You are confusing what Theologians call a "saving knowledge of Christ" with other kinds of knowledge and unnecessarily separating propositional truth and real relationship as though these two things are mutually exclusive. Since you already admit to a poor understanding of philosophical concepts, perhaps drawing such a conclusion is unwise? Try having a real relationship without utilising any propositional truths! Would you proclaim with confidence that you believed health is not so much about the Deoxyribonucleic Acid, but simply about eating all your veggies, just because you don't understand molecular biology?
with a considerable amount of dangerous early-morning Curmudgeonliness,
-Susan
Sue,
ReplyDeleteKeep in mind that I affirmed the value of what the philopsophers do, but I was only questioning its value in terms of winning souls to Christ. The point I'm making is that, for most people (not all) what wins them is the love they find in the Body, not the fact that we correctly understand and apply the principles of philosphical inquiry.

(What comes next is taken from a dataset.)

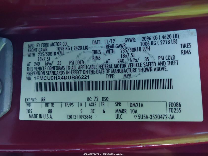 2013 FORD ESCAPE - 1FMCU0HX4DUB86221, цвет - Красный, 1.6, Бензин, Передний привод из США

And I think the philopsophers might say you are comparing apples and oranges in your second paragraph. The doctor can assist me and I can fully benefit from his knowledge even if I'm unconcious. I don't have to have a clue about what he's doing or why. The efficacy of the doctors skills is almost entirely independent of my knowledge of medicine. That is not true when I'm talking to a philosopher. The philosopher cannot help me with my logic problem unless I understand what a logic problem is and can follow his explanation.
Your point that "many concepts that are 'beyond' most people are some of the very concepts you rely on every day to get yourself to work, cook a meal, stay warm in your home during the winter, travel by air" is something I wish I had said -- it fully supports my point. I don't need to understand them in order to take advantage of them. I actually do know just a bit about why a microwave does what it does, but I don't need to know any of it in order to get my leftovers warmed up.
There are people who do, and I'm glad they do. But when my mom invited me over (years ago) to show me her microwave and try to talk me into buying one, she did not get out the schematics and explain to me how it worked. The guy who designed the microwave did not have to be called in to satisfy me that it would work if I gave it a try. What she did was put something in that was cold, and 30 seconds later, popped it out and let me burn my tongue in it. That's all I needed to see. I went out and got one. I was converted to microwaving without having to understand that the microwave was a coherent electromagnetic system. I bought it because it was recommended to me by someone I love and trust (especially in all things having to do with the kitchen) and she domnstrated that it worked. And yes, I did read the directions, which we carefully written, wihtout any techie language, for dopes like me.
That's the point: Love is the demonstration that the Gospel "works." And for those of us who do not understand the philosophical ins and outs, that a good thing. It's got nothing to do with whether anyone is proud or not. Or whether they are right or not.
And I think what I said was that its "less about" Propostional Truth than about a Real Relationship. I'm not tossing out PT. I don't deny the importance of propositonal truth or belittle the church's effort to get at capital "T" truth as a community, making good use of those gifted folks who do understand philosophical tools. But those tools are less helpful than loving relationships when it comes to helping someone establish a relationship with our Savior.
Mike
bleh. I hate it when I'm a poo and someone argues back nice. I just look like MORE of a poo. And of course, I am.